Different Ways To Make Money.
You might have heard of the book “Rich Dad Poor Dad” as it is one of the most read and familiar books as it brings out four different structures where people make money, this structures are referred as the cash flow quadrant as it involves employees, small business owners big business owners, and the investors. It is crucial to view a website page in order to learn more about these issues.
Essentially, if you want to make more money as an individual then you have to be in control of the amount of money you make. Having your own business is key, whereby you are able to control your own paycheck rather than letting another person determine what your income will be and when to get it. The different cash flow quadrants enables a person in making wise decisions on his current positioning and his future.
An employee occupies the first quadrant. An employee is the most common way of making money for most people even though it is the most in effective way to make money as it is less secure and that the employees trade their valuable time to benefit the employers. Employees suffer a number of tax disadvantages, compared to those people who own business. Employees lack the leisure to lay off most of their tax burdens as they are normally controlled and governed by their employers.

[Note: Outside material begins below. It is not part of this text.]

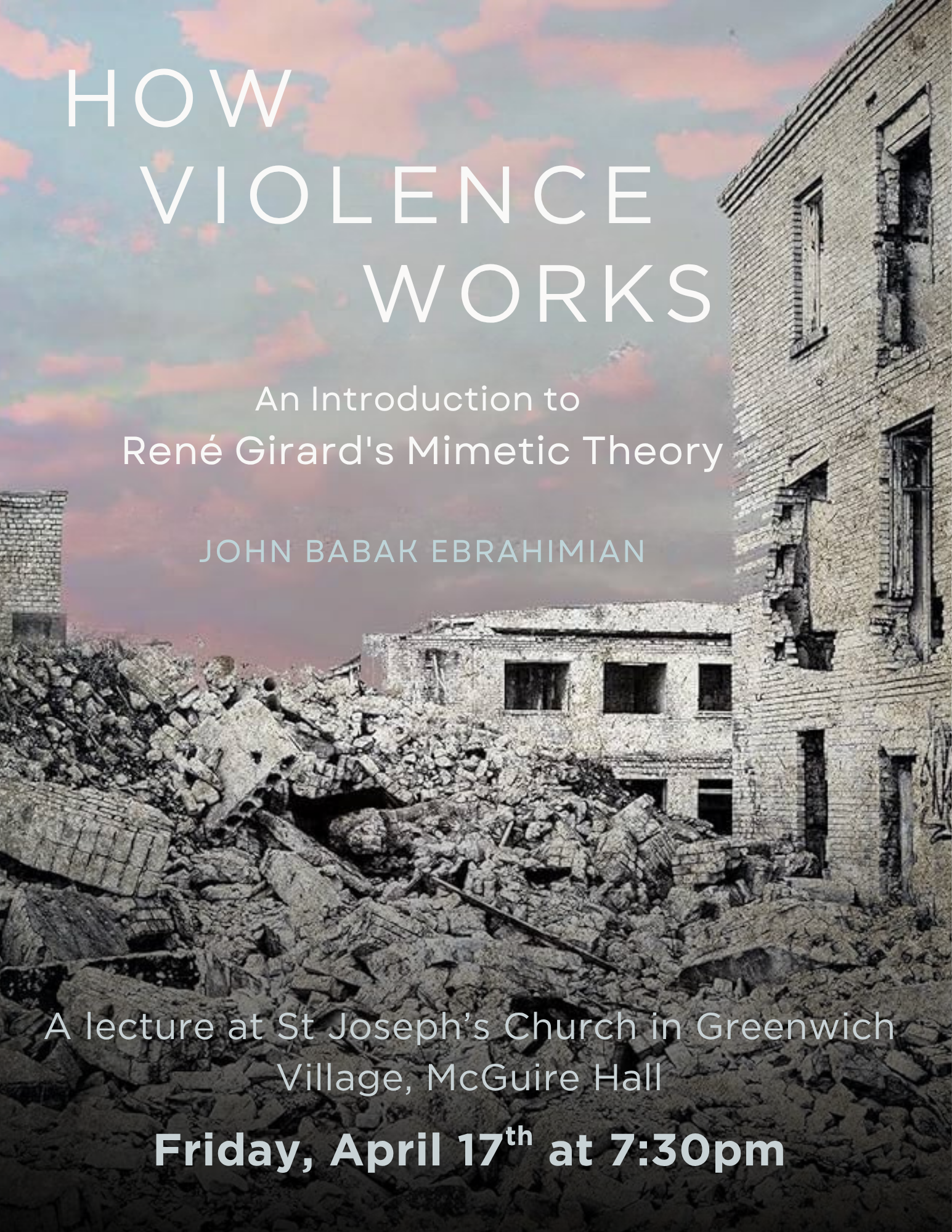 John Babak Ebrahimian, PhD, who studied under René Girard, will present on Girard’s understanding of the origins of human violence, how the Bible exposes the scapegoat mechanism, and how Jesus’ Passion reveals and overturns it once and for all.

The second cash flow quadrant involve the small business owners, having a small business, mostly results to a substantial reward to the owner. The main problem with being an employee or self-employed is that you are directly swapping time for money, and when you aren’t swapping your time, you aren’t making any money. There is a great compromise on your financial stability as you are only able to earn by exchanging your valuable time.
The third quadrant normally involves big business owners. Big business owners normally don’t have a ceiling to their earnings as they are not limited by time compared to the small business owners. They often choose to invest more capital so as to earn more than employing less capital. Big business owners are thus able to secure on their sources of income as they have a wider variety.
The fourth and last quadrant of cash flow includes an investor. An investor is a person who allocates huge capital with expectations of future financial returns. They normally invest on big plans and ideas. it involves few people as it requires great capital.